В старших классах школы (которую я окончил в 1950 году) и в студенческие годы я очень много читал, и стихов – в особенности. Тут надо напомнить (не уверен, что всем молодым читателям это известно) о существовании в СССР всеохватывающей сети библиотек, в том числе школьных. И они регулярно пополнялись новыми изданиями, а издавалось много – и очень большими тиражами, зачастую огромными. В моей личной библиотеке сохранились три толстых крупноформатных тома, купленных в то золотое время – Александр Блок (1946 год, 25 000 экземпляров), И. С. Тургенев (1946 год) и И. А. Гончаров (1948 год) по 100 000 экземпляров. Бумага неважнецкая, обложка, хотя и твёрдая, обтянута скромной тканью (Блок) или просто бумагой (Тургенев и Гончаров), но – это же в разорённой войной стране! Добавлю, что и цены на книги были вполне доступными.

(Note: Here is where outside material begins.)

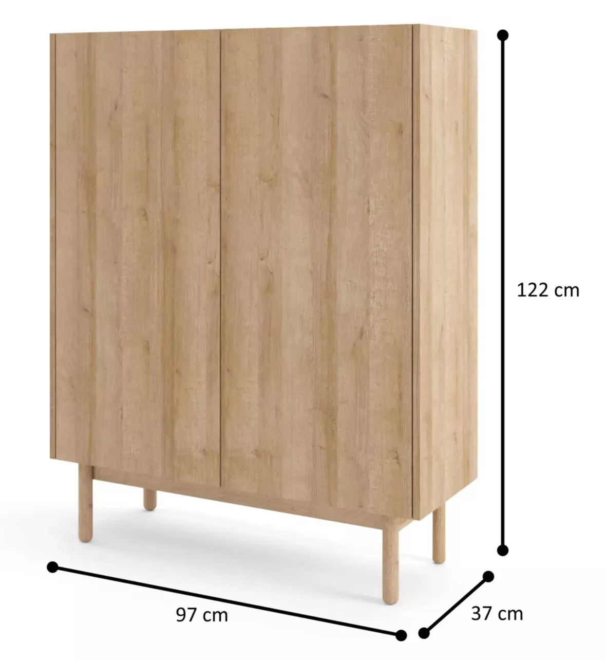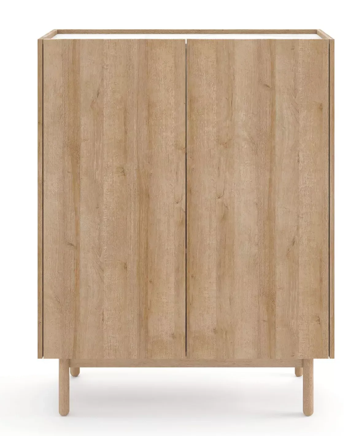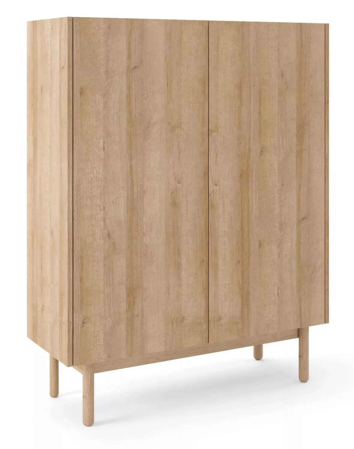 Vysoká komoda ABUA na dřevěných nožičkách v decentním provedení, s jedinečným vzhledem a pečlivě zpracovanými detaily se hodí do interiéru v rustikálním nebo skandinávském stylu. Lze ji využít nejenom v obývacím pokoji, ale i v ložnici.

Да, возможности читать хорошие книги были тогда очень большими. Чуть ли не каждый день в читальном зале Ленинской библиотеки или у кого-то в гостях я совершал открытия – русская поэзия невероятно богата и советская переводческая школа была просто великолепной. Некоторые знакомства с новыми именами происходили, можно сказать, «в ошеломляющем режиме». Хорошо помню первую встречу с Сергеем Есениным. Она случилась, насколько помнится, в девятом классе, осенью 1948 года. Мой одноклассник и друг Юрий Мамлеев (будущий знаменитый писатель) прочитал мне неведомый дотоле шедевр «Грубым даётся радость, / Нежным даётся печаль…» и я испытал форменное потрясение. Подобное я испытал, когда в Ленинской библиотеке впервые прочитал «Пепел» Андрея Белого – великий поэт захватил меня с первых же строк —
Довольно, не жди, не надейся,
Рассейся, мой бедный народ,
В пространство пади и разбейся
За годом мучительный год…
Понятно, переводных стихов я читал меньше, выделял А. Э. Хаусмэна, которого называли «английским Есениным», и, конечно, Франсуа Вийона. Я рано понял, что, пожалуй, вся европейская поэзия вышла из его гениальной «Баллады поэтического состязания в Блуа» (1458 год), исходная строка которого («От жажды умираю над ручьём») была предложена организатором празднества герцогом Карлом Орлеанским. И ещё «в ошеломляющем режиме» произошла моя встреча с чилийцем Пабло Нерудой. Это было немного позже, в мои двадцать два года. Тогда я, инженер-связист, работал на подмосковном радиоцентре, занимался глушением враждебных «голосов». Однажды ночью, в метель, звонит мне из Москвы мой друг Анатолий Чиликин и говорит: «Послушайка стихи, которые наверняка тебе понравятся —
Утро, полное бурь, в разгаре лета,
Облака, как белые платочки расставания,
Ими размахивает путник-ветер,
И сердце ветра колотится
Над нашим молчаньем любви…
Тревога лоцмана, ярость ослепшего водолаза,
Угрюмый восторг любви —
Всё в тебе затонуло…
Время идти. Это час холодный и жёсткий.
Я брошен, как причал на рассвете,
Я брошен тобою.
С той снежной ночи 1955 года прошло много лет, но я помню наизусть этот шедевр. Как говорится в анекдоте, вы будете смеяться, но я никогда не видел его напечатанным, так что, возможно какие-то слова или строки выпали из памяти. И – я не знаю, кто переводчик; мне почему-то кажется – Илья Эренбург.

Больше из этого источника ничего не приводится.